But there is a problem with the improved sequential multiplier, what if the 32-bit ALU generates a carry out? Where should the carry out go?

Ans: The carry-out effectively becomes the new MSB (Bit 63) of the 64-bit Product after the shift occurs.

The trade-off between array multiplier and sequential multipler

Clock speed: As we have seen from above, the array multiplier uses only one cycle but likely the cycle will take longer time, thus slowering the clock speed while the sequential multiplier uses more cycles but likely each cycle takes a shorter time and thus the clock speed is faster.
Hardware cost: The array multiplier usually uses more hardware than the sequential multiplier.

As a hardware designer, we need to always think about this kind of trade-off to achieve what we want. The following table summarizes the cost and latency analysis of a n-bit multiplier built using the carry propagate adder.

Multiplier Type

Cost (Hardware Area)

Latency (Speed)

Sequential Multiplier

$O(n)$ (Linear)

$O(n^2)$ (Quadratic)

Array Multiplier

$O(n^2)$ (Quadratic)

$O(n)$ (Linear)

HDL Implementation

The HDL for a multiplier is in HDL Example 5.4. As with adders, the synthesis tools may pick the most appropriate design given the timing constraints.

Example 5.4 Multiplier

module multiplier #(parameter N = 8)
                   (input  logic [N-1:0]    a, b,
                    output logic [2*N-1:0] y);
  assign y = a * b;
endmodule

Division

Before we continue this section, let's make some conventions first. Given $A\div B = Q+R$ , we say that

$A$ is the dividend
$B$ is the divisor
$Q$ is the quotient
$R$ is the remainder

Binary division can be performed using the following algorithm for $N$ -bit unsigned numbers in the range $[0,~2^N-1]$ .

R' = 0
for i = N-1 to 0
    R = {R' << 1, A_i}
    D = R - B
    if D < 0 then Q_i = 0, R' = R // R < B
    else          Q_i = 1, R' = D // R >= B
R = R'

The partial remainder $R$ is initialized to 0 ( $R'=0$ ), and the most significant bit of the dividend $A$ becomes the least significant bit of $R$ ( $R=\{R'<<1,~ A_i\}$ ).
The divisor $B$ is subtracted from this partial remainder to determine whether it fits ( $D = R-B$ ).
1. If the difference $D$ is negative (e.g., the sign bit of $D$ is 1), then the quotient bit $Q_i$ is 0 and the difference is discarded.
2. Else, the difference $D$ is positive. Then the quotient bit $Q_i$ is 1 and the remainder $R$ becomes $D$ .
3. In any event, the partial remainder is then doubled (left-shited by one column), the next most significant bit of $A$ becomes the least significant bit of $R$ , and the process repeats.
The process (step 2) repeats and the result satisfies $\frac{A}{B}=Q+\frac{R}{B}$ .

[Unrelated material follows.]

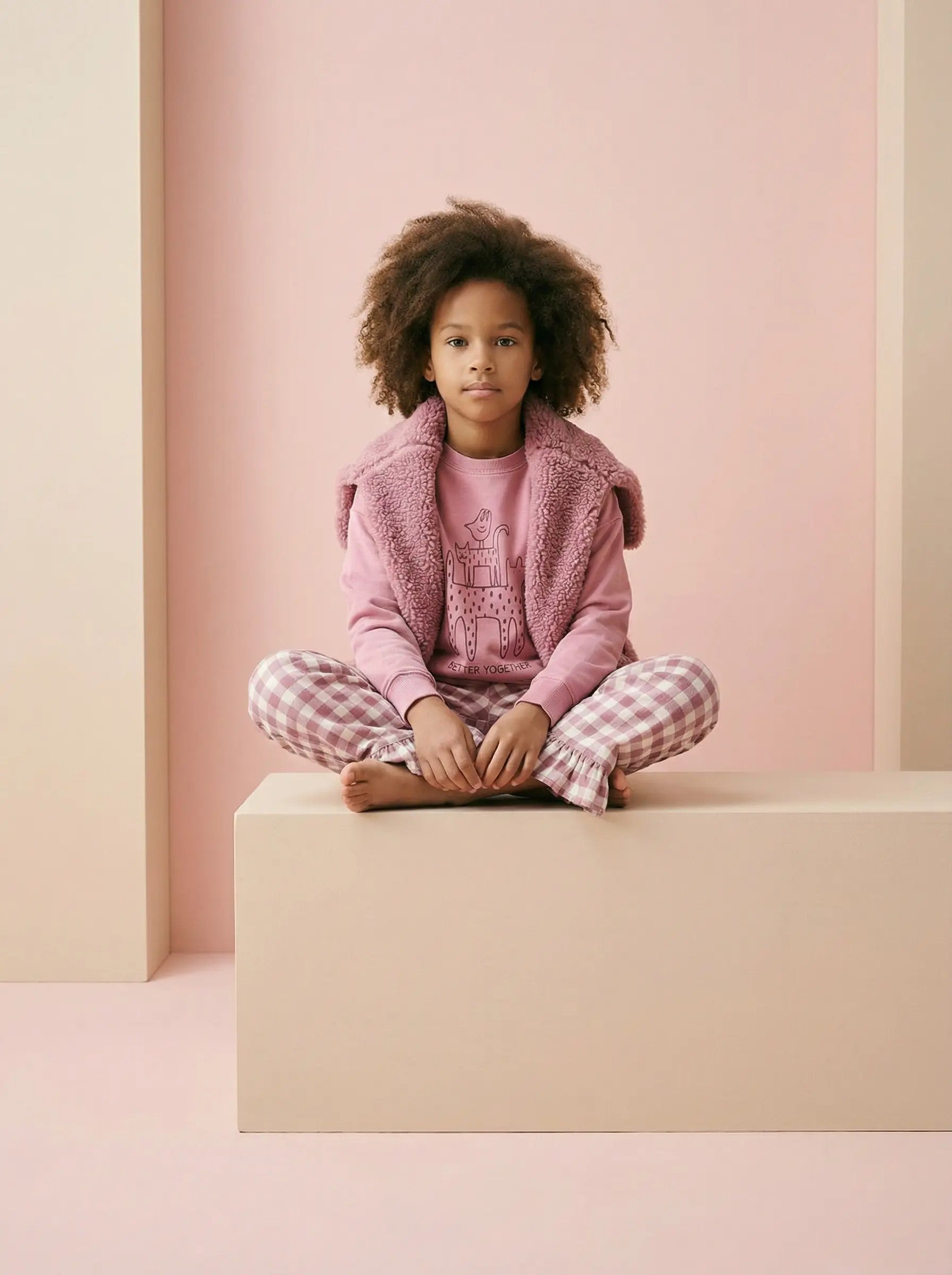 A comfortable and soft pink longsleeve with pink trim at the neckline. A charming graphic on the front adds a cheerful, childlike touch.

$N$ -bit operands yield $N$ -bit quotient and remainder. Here, we want to show that the divisor and quotient and remainder shares the same bit-width, but actually the dividend can have $2N$ bits.

Below is a more straight-forward example,

This approach is called long division approach, which is basically similar to what we have seen above, but in a more straight-forward way

If divisor $\leq$ dividend bits
1. 1 bit in quotient, subtract
Otherwise
1. 0 bit in quotient, bring down next dividend bit

This illustration is more straight-forward, but less complete. Thus it is good for doing the hand-by-hand calculation. But for the systematic approach to implement in the hardware, please go reviewing the pseudocode above.

Array Divider

Figure 5.22 shows a schematic of a 4-bit array divider. The divider computes $A/B$ and produces a quotient $Q$ and a remainder $R$ . The legend shows the symbol and schematic for each block in the array divider.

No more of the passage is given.